However, Richard Ross, global technical strategist at Auerbach Grayson, is not as excited about Apple as the folks at Morgan Stanley.
"Much of that story is already in the stock," said Ross, a "Talking Numbers" contributor. "I think we're a little late in the game here to call Apple a best idea. It's already the biggest company in the world."
Apple's current market cap is $584 billion, about $200 billion larger than the world's second-largest publically traded company, Exxon Mobil.
Still, Apple has been "a bastion of security during this recent correction," said Ross, who notes the stock's strength against its benchmark index; the Nasdaq composite index is down about 8.5 percent from its 52-week high while Apple is only off 6 percent from its own one-year peak.
Even in a technical worse-case scenario, Ross sees limited downside. Should it break below what he sees as a $98 support level, Ross says the stock could make its way down to the 200-day moving average, currently at $87.32. "In and of itself, that's not a disastrous situation," he added.
But Apple's enormous growth since its lows 18 months ago is what bothers Ross about the stock.
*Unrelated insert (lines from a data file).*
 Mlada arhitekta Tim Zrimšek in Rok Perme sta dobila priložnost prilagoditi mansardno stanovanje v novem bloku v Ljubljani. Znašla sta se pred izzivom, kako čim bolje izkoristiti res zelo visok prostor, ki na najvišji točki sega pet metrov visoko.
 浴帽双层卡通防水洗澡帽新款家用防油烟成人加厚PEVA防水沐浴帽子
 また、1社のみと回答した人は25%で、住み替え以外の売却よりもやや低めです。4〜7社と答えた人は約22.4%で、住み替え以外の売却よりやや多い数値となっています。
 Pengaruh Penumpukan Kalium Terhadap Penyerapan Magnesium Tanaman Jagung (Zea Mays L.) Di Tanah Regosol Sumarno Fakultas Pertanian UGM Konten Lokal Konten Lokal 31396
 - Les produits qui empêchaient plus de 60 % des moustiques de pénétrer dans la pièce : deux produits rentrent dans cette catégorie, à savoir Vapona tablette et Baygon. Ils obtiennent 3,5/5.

Shares have climbed 76 percent in that time period, adding nearly a quarter of a trillion dollars to Apple's market cap.
"Basically, Apple is tacking on a Facebook and an Intel over just the last 18 months alone," Ross said. "That's a lot of market cap. You can see just a little bit of a stall speed here for a high-flying momentum stock like Apple."
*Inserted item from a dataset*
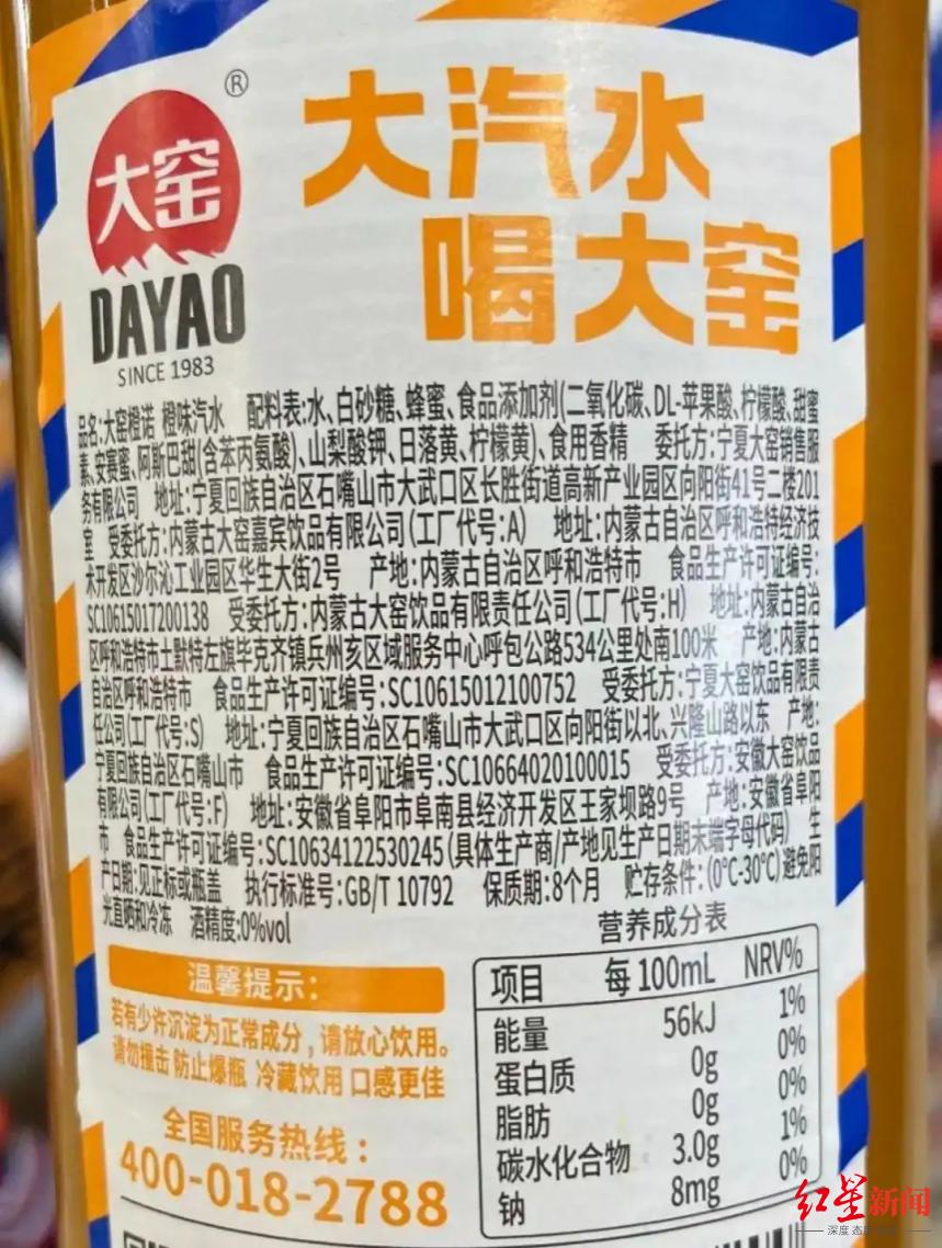 大窑汽水复杂的配料表引人注目,也招致很多消费者吐槽。以大窑橙味汽水为例,其配料为:水、白砂糖、蜂蜜、食品添加剂【二氧化碳、DL-苹果酸、柠檬酸、甜蜜素、安赛蜜、阿斯巴甜(含苯丙氨酸)、山梨酸钾、日落黄、柠檬黄】、食用香精。

So while Apple is just an OK stock for Ross now, he thinks a correction down to its 200-day moving average would make it even better. "At current levels, it's a good idea," he said. "Down 15-20 percent, then it becomes a best idea for me. Then you're getting one of the best stocks in the world admittedly but you're getting it at a fantastic price. I would not characterize current levels as a fantastic price."